The lawsuit claimed that the university and athletic staff “acted with deliberate indifference” and “failed to take corrective actions” in response to several allegations of sexual assault—an issue that may yet be resolved by the Department of Education’s Office for Civil Rights. But while much is left unclear, the university’s settlement agreement raises once again the question of if and how attorneys should be involved in campus sexual assault proceedings.
As Torch readers know, FIRE believes both accusers and accused students should have the right to active assistance of legal counsel throughout the investigative and disciplinary process. Under the Violence Against Women Reauthorization Act of 2013, universities are legally obligated to provide both parties the same opportunities to have an advisor with them during proceedings. It follows morally and practically that institutions should give both parties the same aid in obtaining legal counsel.
FIRE has long argued that the way colleges and universities are currently handling sexual misconduct cases fails all involved: accusers, accused students, and the rest of the campus community. Because the stakes are so high for both an alleged victim and an alleged perpetrator—especially if the accused also faces criminal charges—it is imperative that the parties have help ensuring their rights are protected and procedures are fair.
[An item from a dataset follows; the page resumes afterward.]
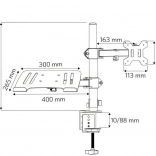 - Vzdálenost montáže VESA od vertikálního sloupku: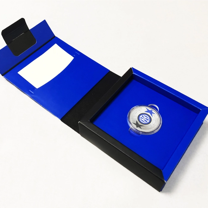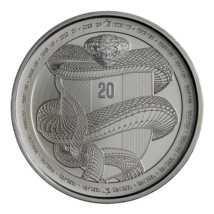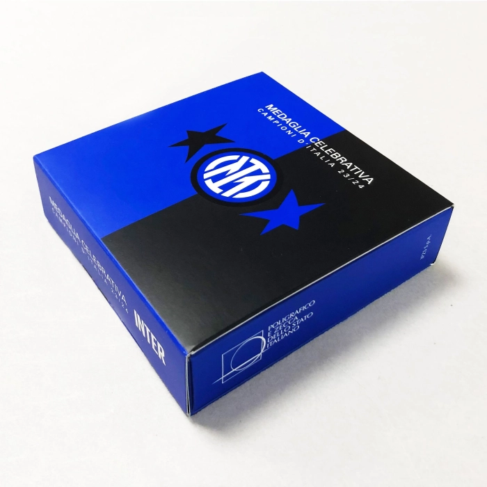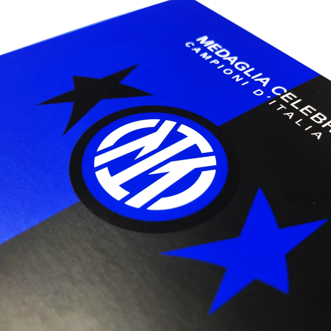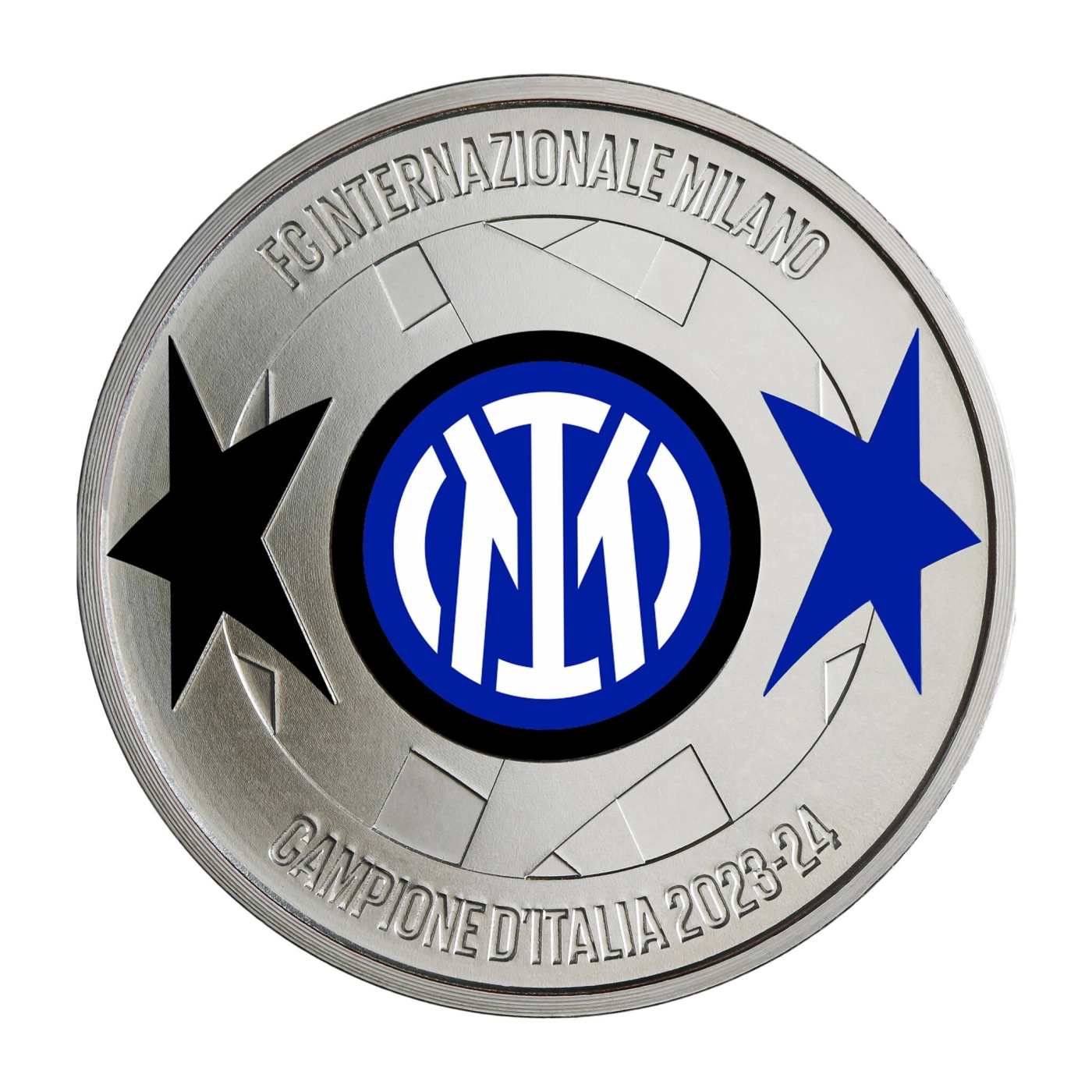 Celebrate the 20th Scudetto win and the achievement of the second star with this commemorative Champions of Italy silver medal. Features are found on the front: the INTER logo placed between 2 stars, the symbol that represents 20 league titles won, and “FC INTERNAZIONALE MILANO”, at the top, and “CAMPIONI D'ITALIA 2023-24”, at the bottom, are written around the edges. On the reverse side, there is an image of the Scudetto, with a texture that simulates the colours of the Italian flag, wrapped in the city of Milano and the Club's snake symbol. Surrounding this are references to titles won by INTER throughout its history.

If the accusations in the lawsuit are true, it is problematic that the University of Tennessee gave accused student-athletes a leg up that they allegedly did not give accusing students or non-athletes. But rather than abandon the plan to help some students through the disciplinary process, the university could have aimed to equalize the system by increasing all students’ access to attorneys. This would have put accusers and accused students on equal footing while protecting both parties from further imbalances and injustices created by the broken college hearing system.
Without major changes to the status quo, simply eliminating student-athletes’ shortcut to legal representation will hardly ensure that campus sexual misconduct hearings will treat both parties fairly. Providing resources for both parties seeking competent advisors, however, would be a significant step in that direction.